Much love and support.
SheilaT
DuaneBidoux
(4,198 posts)And here is one thing I must warn you about: it will hurt for a very long time--and depending on your personality (if it is like mine) you may have to deal with the conclusion that if it was "true love" you will never completely recover.
Without drawing any conclusions about your relationship let me say that if you do not have kids involved be grateful--that is what has kept my ex-wife and I tangled together even when I desperately needed to get away.
My ex wife left me after a 24 year marriage. We lived in Houston during all that time and I continued to stay there for 3 more years after the divorce.

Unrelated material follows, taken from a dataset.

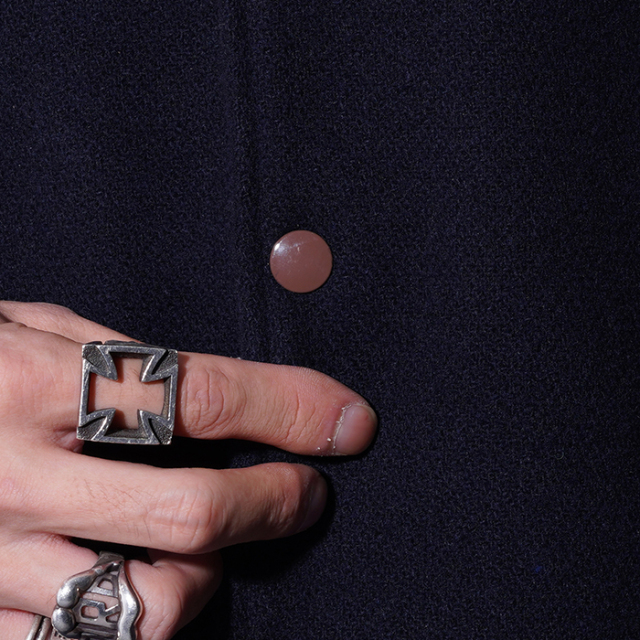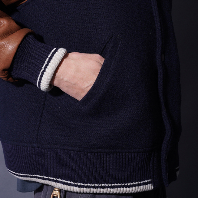 乾いた粗野な雰囲気でヴィンテージライクな二重織ウールメルトン、袖のレザーにはふっくらとした質感と、シボ感が特徴のステアハイドを採用。

Unfortunately we would have sex every 4 to 6 to whatever months apart and I realize now that it happened when she got horny (and apparently for no other reason). I also realized gradually that it was harming me a lot more than her because in reality I was always hoping that somehow this meant she would be wanting me back or I was hoping that one "magical" night together would bring us back together.
Eventually I simply had to leave Houston to really begin to heal--perhaps the only thing that will help you get over your SO will be to physically put as much distance between you and that person. Now I have come to accept that there is a certain place deep inside however that will always be tender and somewhat bruised.
Good luck and although I'm not going to tell you to abstain I would say be very cautious of the booze and other drugs until you are a lot farther down the road toward healing!